Food Fog
Wheat, sugar, dairy
I have eaten some sugar and wheat the last couple of days, and experience the consequences of it. It shows up as an emotional/mental fog. When I am by my own, it is usually OK, but I notice the consequences of it when I am out among people.
Depending on what particular food I have eaten - sugar, wheat and/or dairy - the fog comes up as a sense of distance to the world (wheat), as a sense of inferiority and of something undefinable to be ashamed of (either of them), lack of clarity (either/all), and so on.
It is quite interesting to have a chance to explore all of these realms of mind. Eating these three is an instant tour into realms that so many live in these days.

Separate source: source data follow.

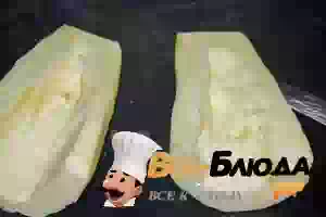 1. Кабачок вымыть, обтереть досуха. Если кожица плотная, то срезать её. Разрезать кабачок на несколько частей. Если есть крупные семена, вычистить.
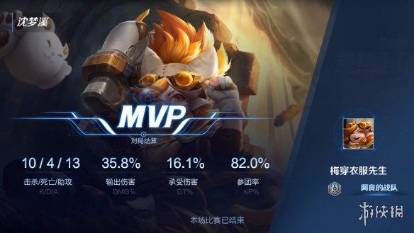 本局MVP给到沈梦溪。炸弹猫有一定的难度,在确保炸弹命中率的情况下才能有高额输出。阿良队的沈梦溪不仅凭借手长的优势远程消耗,而且多次支援队友带节奏,82%的参团率证明其拿MVP当之无愧。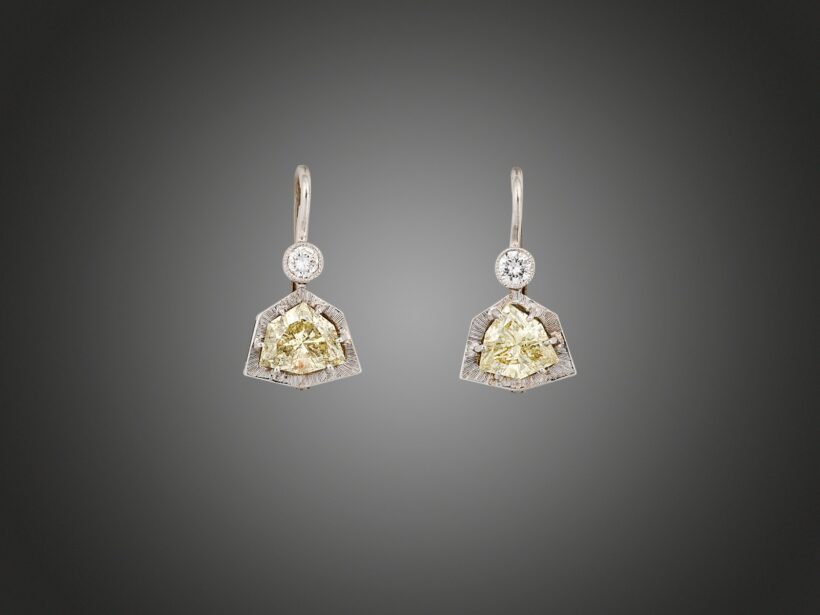 Kikiáltási ár: 220 000 FtBriliáns fülbevalópár Fehérarany 585, buton foglalt 4 szabályos régi csiszolású briliáns cca. 1,00 ct, J, SI1-P1, patentzárral, 2,9 g

I talked with a massage therapist friend about this in the evening, and it turns out that she too has very similar experiences with the same foods. Not surprisingly, since these three tends to be on the top of current food intolerances and they are most likely quite widespread. Most people don't know, because they eat the same food day out and day in, and they don't make the connection with the food they eat and their emotional/mental fuzzy symptoms.
Drugged out
My friend also mentioned how many say - on their massage intake form - that they are one one form of antidepressant or another (90% or more). And how for instance prozac now is showing up in the ground water, being absorbed into plants and animals and coming through our tap water as well.
The widespread use of prozac and other anti-depressants is just another way our consumer culture manipulates people.
Are you unhappy with your life? Take a pill! It will take care of all your worries, and you don't have to think about your crappy job and your lack of fulfillment with your consumer lifestyle.
Of course, this is only one aspect of the issue, but one that seems very real. Prozac is the current opium for the people. Something to dull their pain of an unfulfilled life. Something to help them not question why they have the nagging sense that something is not right. Something to take the edge of symptoms telling them that something is terribly wrong with their corporate job and consumer lifestyle.
Something to prevent them from seeing more clearly that the life promoted by our consumer culture is - in so many cases - not deeply meaningful and satisfying. It does not meet our essential human needs for connection, authenticity, sense of contributing in a meaningful way, sense of being part of life and supporting life in a deep way.